Wilma Mankiller: Cherokee Leader


Students will use the information they learned from reading the short biography of Wilma Mankiller, watching the video, Bell Water Project, and excerpts from her auto-biography, Mankiller: A Chief and Her People to discuss what makes someone an effective leader. Lesson will culminate in students brainstorming community based self-help projects that the class could organize at their school.

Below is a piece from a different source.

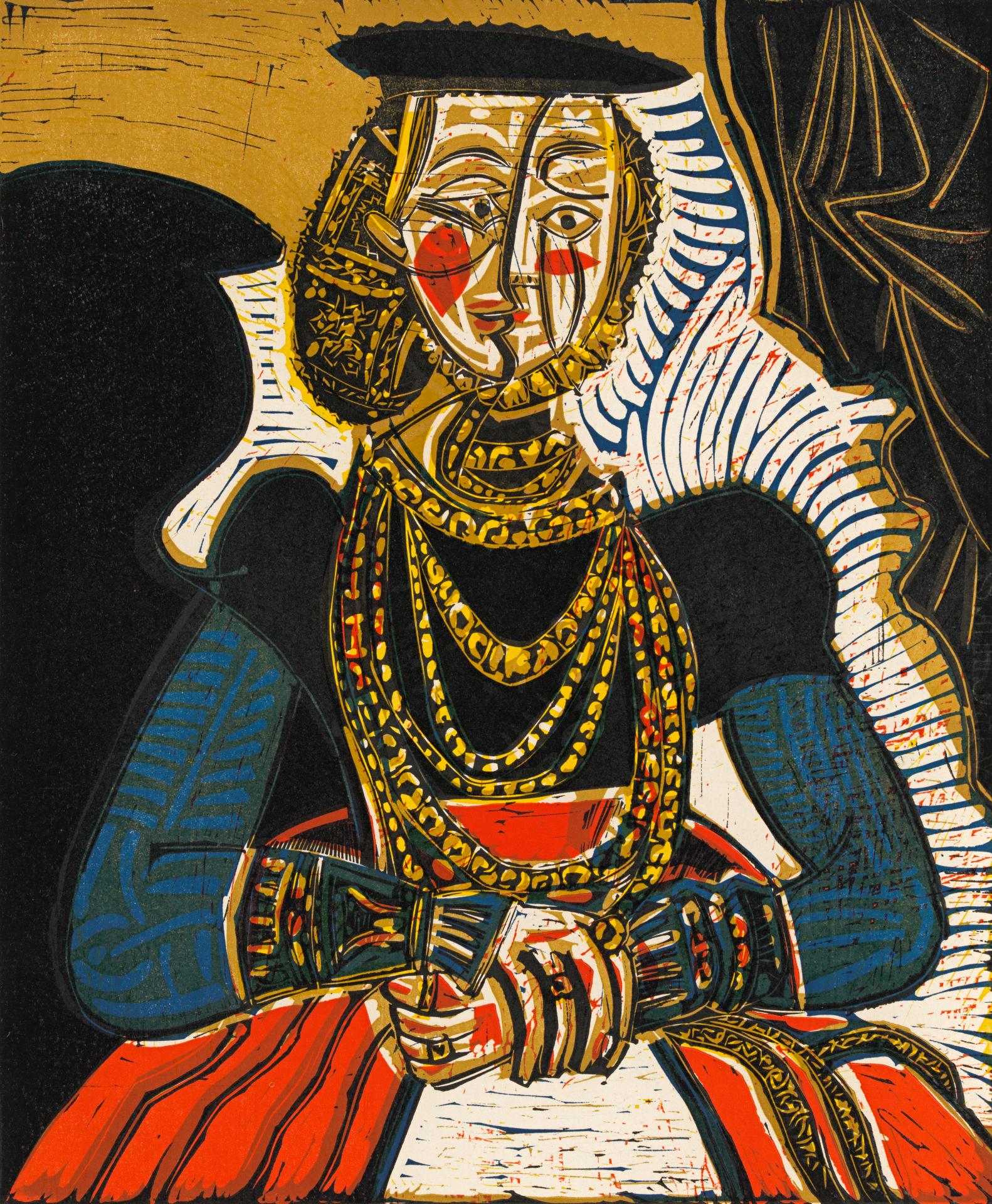 This iconic linocut, based on Lucas Cranach the Younger’s 1564 Portrait of a young lady at the Kunsthistorisches Museum in Vienna, is one of Picasso’s most famous and enduring statements in the graphic medium. It is an expressive improvisation on the sixteenth-century portrait, in which the artist brilliantly exploits the linocut’s inherent potential for intense colour and decorative abstraction of form. The dense, lustrous deposit of ink that is characteristic of the linocut is utilized, through the superimposition of five layers of colour, to create a tactile, painterly surface.

Two 45 minute class periods

  • Students will evaluate the characteristics associated with effective leaders
  • Students will reach a conclusion about whether effective leaders must understand the culture and circumstances of the people they are attempting to lead
  • Students will apply their conclusions to their own class and/or school by considering class and/or school improvement projects they believe correspond to the needs of the class and/or school
  • Short biography of Wilma Mankiller (Link)
  • Video clip of Bell Water Project
  • Primary source: Excerpt from Mankiller: A Chief and Her People
    • Excerpts can be found on page 4-5
  • Class discussion
    • What are the characteristics of a good leader?
  • Students individually read the Wilma Mankiller biography and answer accompanying questions
    • Identify character traits of Wilma Mankiller that made her an effective leader.
    • Name three obstacles that Wilma Mankiller had to overcome in her life.
    • Identify sources of strength Wilma Mankiller used to overcome those obstacles.
  • Students discuss and compare their answers with a partner


Next, show video of Bell Water Project

Divide the students into small groups, ideally 4-5 students per group. Students will read selected excerpts from Mankiller: A Chief and Her People and, working in their assigned groups, will discuss and answer the assigned questions.  

  • How did Mankiller use her rehabilitation time to her best advantage?
  • How did she envision using the “good mind approach” in her work?”
  • Mankiller seems to suggest that she was less ambitious when she returned to work than she previously had been. Does that surprise you? Why or why not?
  • How did Mankiller’s leadership style reflect both the needs and the attitudes she observed in the Cherokee culture?
  • What problems do you think Mankiller had to overcome while recruiting volunteers for the Bell project?
  • Predict how you think the people of Bell felt about their community after the project was completed.

Working in their groups, students will develop a “Shark Tank” proposal—a three minute proposal for a school based community project that identifies and need and would improve their school in some way

  • As a class, students will discuss and reach a consensus on which project would be the best to pursue as a class project or school-wide project
Assessment / Homework
  • Teachers can assign the readings for homework
  • Informal assessment of group discussions of questions accompanying excerpts from Mankiller: A Chief and Her People
  • Formal assessment—Shark Tank PowerPoint presentation for class/school project
  • Exit slip—review the class discussion that began the lesson: What are the characteristics of a good leader? Have the students identify one leadership action or idea of Wilma Mankiller’s that matches a characteristic identified in the class discussion. 
Future Research / Resources
  • Mankiller: A Chief and Her People by Wilma Mankiller and Michael Wallis, 1993

From the C3 Framework

  • D2.Civ.5.9-12. Evaluate cit­izens’ and institutions’ effec­tiveness in addressing social and political problems at the local, state, tribal, national, and/or international level.
  • D2.Civ.7.9-12. Apply civic virtues and democratic principles when working with others.


  • D2.Civ.14.9-12. Analyze historical, contemporary, and emerging means of chang­ing societies, promoting the common good, and protect­ing rights.